Laut aktuellen Medienberichten existieren beim Aufnahmeprogramm für afghanische Ortskräfte und besonders gefährdete Personen gravierende Sicherheitsrisiken. Insider berichten von einer regelrechten Industrie gefälschter Dokumente in Kabul. "An der Straße in Kabul bekommen Sie Papiere für alles Mögliche", heißt es in einem der Berichte. Diese Aussage wirft Fragen zur Überprüfbarkeit der Identitäten von Antragstellern auf.
Die grüne Außenministerin Annalena Baerbock hatte das Aufnahmeprogramm als humanitäre Verpflichtung Deutschlands bezeichnet. Besonders Menschen, die sich für Demokratie und Frauenrechte eingesetzt hatten, sollten nach der Taliban-Machtübernahme Schutz in Deutschland finden. Doch nun steht das Programm unter dem Verdacht, nicht ausreichend gegen Betrug und Missbrauch abgesichert zu sein.
Kritiker bezeichnen das Verfahren sogar als "staatlich organisierte Schleusung". Die Überprüfung der Identitäten und Gefährdungslagen sei mangelhaft. Besonders problematisch: Nachdem die Taliban die Macht übernommen haben, ist eine Verifizierung von Dokumenten vor Ort praktisch unmöglich geworden. Deutsche Behörden müssen sich auf Angaben verlassen, die kaum unabhängig bestätigt werden können.
Besonders brisant sind Berichte über einen florierenden Schwarzmarkt für gefälschte Dokumente in Afghanistan.

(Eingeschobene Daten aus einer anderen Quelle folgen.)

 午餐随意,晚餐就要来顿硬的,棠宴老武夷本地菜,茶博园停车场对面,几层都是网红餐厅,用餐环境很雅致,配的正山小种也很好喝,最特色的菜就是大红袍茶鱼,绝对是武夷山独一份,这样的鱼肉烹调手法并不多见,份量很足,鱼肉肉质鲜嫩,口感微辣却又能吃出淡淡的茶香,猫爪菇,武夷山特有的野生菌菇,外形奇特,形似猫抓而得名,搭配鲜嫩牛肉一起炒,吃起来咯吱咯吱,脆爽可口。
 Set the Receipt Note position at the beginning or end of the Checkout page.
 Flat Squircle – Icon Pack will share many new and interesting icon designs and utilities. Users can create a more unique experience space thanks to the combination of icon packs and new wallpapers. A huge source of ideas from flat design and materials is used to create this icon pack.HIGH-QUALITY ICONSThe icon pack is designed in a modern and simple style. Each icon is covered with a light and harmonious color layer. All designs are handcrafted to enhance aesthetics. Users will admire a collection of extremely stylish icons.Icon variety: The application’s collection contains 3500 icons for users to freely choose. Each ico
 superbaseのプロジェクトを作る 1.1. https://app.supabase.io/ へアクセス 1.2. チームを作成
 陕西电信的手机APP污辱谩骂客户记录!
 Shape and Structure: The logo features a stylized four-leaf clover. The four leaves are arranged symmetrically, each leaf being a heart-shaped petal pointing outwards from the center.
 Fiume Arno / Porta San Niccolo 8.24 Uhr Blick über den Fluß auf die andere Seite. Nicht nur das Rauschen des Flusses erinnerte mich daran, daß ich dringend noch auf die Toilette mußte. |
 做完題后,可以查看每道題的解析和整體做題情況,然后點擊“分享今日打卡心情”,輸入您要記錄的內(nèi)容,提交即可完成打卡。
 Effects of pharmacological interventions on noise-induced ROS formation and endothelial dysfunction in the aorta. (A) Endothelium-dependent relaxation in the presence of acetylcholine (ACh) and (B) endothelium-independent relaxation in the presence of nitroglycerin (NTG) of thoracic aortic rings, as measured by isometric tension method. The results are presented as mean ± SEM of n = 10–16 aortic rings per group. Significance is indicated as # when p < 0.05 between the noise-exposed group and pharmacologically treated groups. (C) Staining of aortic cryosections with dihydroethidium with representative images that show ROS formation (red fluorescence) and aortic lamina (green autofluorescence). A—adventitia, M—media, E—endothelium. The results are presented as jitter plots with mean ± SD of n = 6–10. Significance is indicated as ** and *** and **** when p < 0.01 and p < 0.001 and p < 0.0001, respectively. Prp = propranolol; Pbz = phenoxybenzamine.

Gegen Bezahlung können offenbar Bescheinigungen über eine angebliche Tätigkeit für deutsche Organisationen oder über politische Verfolgung erlangt werden. Dies untergräbt die Glaubwürdigkeit des gesamten Programms und könnte dazu führen, dass tatsächlich bedrohte Personen weniger Chancen haben.
Für Annalena Baerbock könnten diese Enthüllungen politisch heikel werden. Das Auswärtige Amt steht nun unter Druck, die Sicherheitsmechanismen zu überprüfen und nachzubessern. Gleichzeitig bleibt die humanitäre Verpflichtung bestehen, tatsächlich gefährdeten Afghanen zu helfen. Eine Gratwanderung, die die deutsche Außenpolitik vor eine erhebliche Herausforderung stellt.
Sicherheitsexperten und Oppositionspolitiker verlangen eine grundlegende Überarbeitung des Aufnahmeverfahrens. Die Bundesregierung müsse sicherstellen, dass nur tatsächlich bedrohte Personen aufgenommen werden. Gleichzeitig dürfe die Hilfe für wirklich gefährdete Menschen nicht eingestellt werden. Ein Balanceakt, der eine differenzierte Herangehensweise erfordert.
Das Auswärtige Amt unter Leitung von Annalena Baerbock hat bisher keine umfassende Stellungnahme zu den Vorwürfen abgegeben. Experten erwarten jedoch, dass die Überprüfungsmechanismen verschärft werden könnten. Die grundsätzliche Ausrichtung des Programms steht allerdings nicht zur Debatte - Deutschland will weiterhin seiner humanitären Verantwortung gerecht werden.